Collected data entries
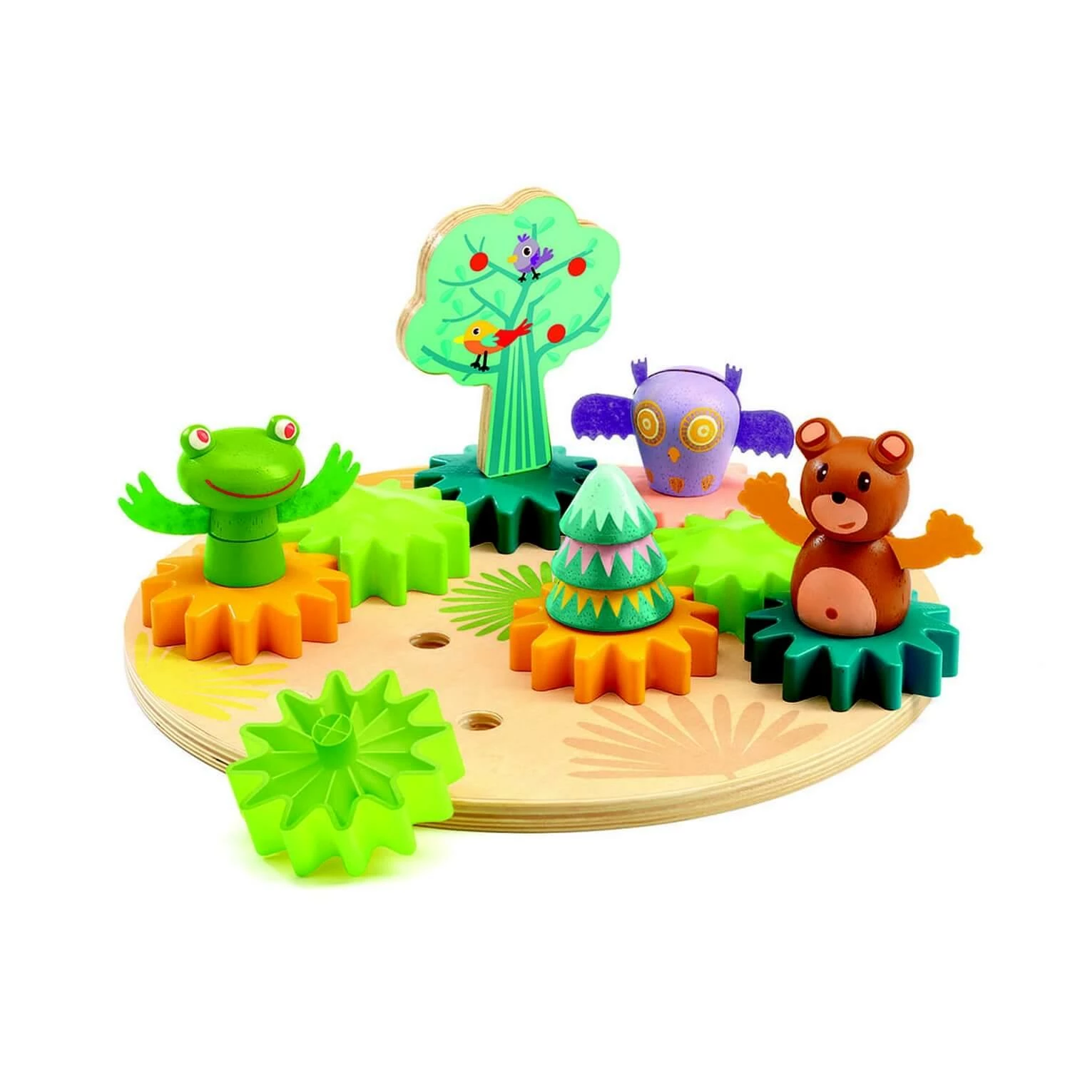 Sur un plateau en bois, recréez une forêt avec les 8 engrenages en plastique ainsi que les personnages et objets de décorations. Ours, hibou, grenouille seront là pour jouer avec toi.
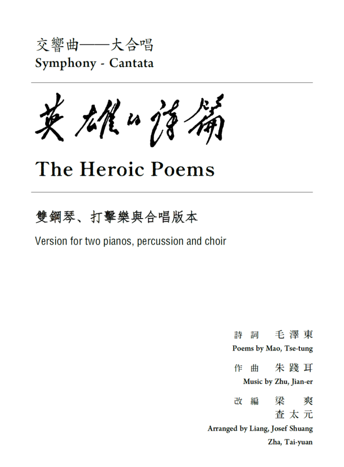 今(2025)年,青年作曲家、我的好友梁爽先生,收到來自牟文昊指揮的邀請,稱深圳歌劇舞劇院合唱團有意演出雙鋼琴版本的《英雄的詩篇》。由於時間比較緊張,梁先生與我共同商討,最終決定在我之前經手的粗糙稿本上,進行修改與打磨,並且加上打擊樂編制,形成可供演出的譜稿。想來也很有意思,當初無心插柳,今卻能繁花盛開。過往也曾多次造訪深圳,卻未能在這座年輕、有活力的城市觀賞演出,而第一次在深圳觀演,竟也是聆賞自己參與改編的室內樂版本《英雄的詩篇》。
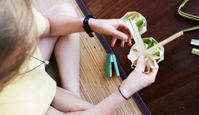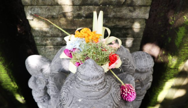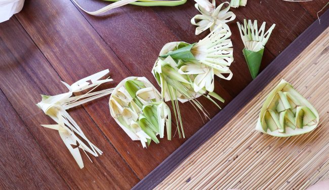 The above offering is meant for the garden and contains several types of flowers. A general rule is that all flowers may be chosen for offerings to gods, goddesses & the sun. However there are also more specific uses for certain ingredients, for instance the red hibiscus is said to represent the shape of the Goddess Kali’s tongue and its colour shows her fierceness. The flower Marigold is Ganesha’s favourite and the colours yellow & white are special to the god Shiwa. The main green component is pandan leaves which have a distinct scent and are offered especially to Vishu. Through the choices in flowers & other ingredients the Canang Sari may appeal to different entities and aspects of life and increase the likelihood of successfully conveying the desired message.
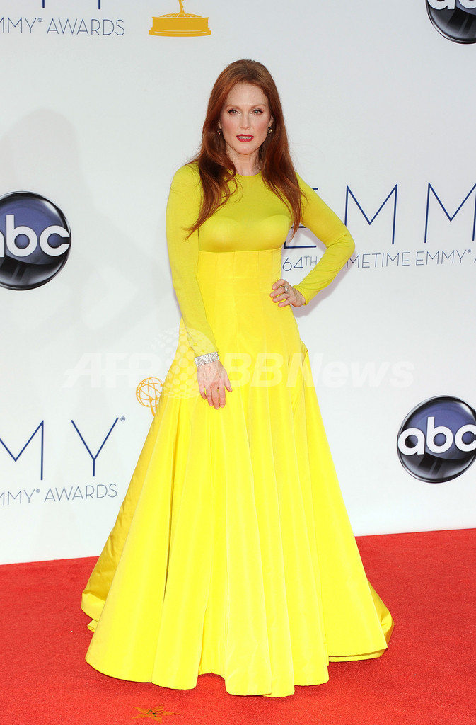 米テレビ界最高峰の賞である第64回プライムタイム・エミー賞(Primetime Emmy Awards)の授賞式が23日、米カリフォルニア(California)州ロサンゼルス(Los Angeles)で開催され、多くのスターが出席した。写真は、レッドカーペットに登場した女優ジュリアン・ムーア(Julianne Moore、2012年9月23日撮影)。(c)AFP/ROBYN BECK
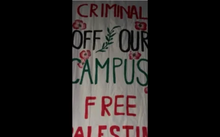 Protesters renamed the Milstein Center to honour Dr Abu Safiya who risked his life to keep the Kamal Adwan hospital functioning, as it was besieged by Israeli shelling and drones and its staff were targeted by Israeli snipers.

* ACTIVITY: Your task is to repeat the opening line of the entries above and each line after it, ending with the line that has "今(2025)年,青年作曲家". Do not include the pictures.

* RESPONSE:
 Sur un plateau en bois, recréez une forêt avec les 8 engrenages en plastique ainsi que les personnages et objets de décorations. Ours, hibou, grenouille seront là pour jouer avec toi.
 今(2025)年,青年作曲家、我的好友梁爽先生,收到來自牟文昊指揮的邀請,稱深圳歌劇舞劇院合唱團有意演出雙鋼琴版本的《英雄的詩篇》。由於時間比較緊張,梁先生與我共同商討,最終決定在我之前經手的粗糙稿本上,進行修改與打磨,並且加上打擊樂編制,形成可供演出的譜稿。想來也很有意思,當初無心插柳,今卻能繁花盛開。過往也曾多次造訪深圳,卻未能在這座年輕、有活力的城市觀賞演出,而第一次在深圳觀演,竟也是聆賞自己參與改編的室內樂版本《英雄的詩篇》。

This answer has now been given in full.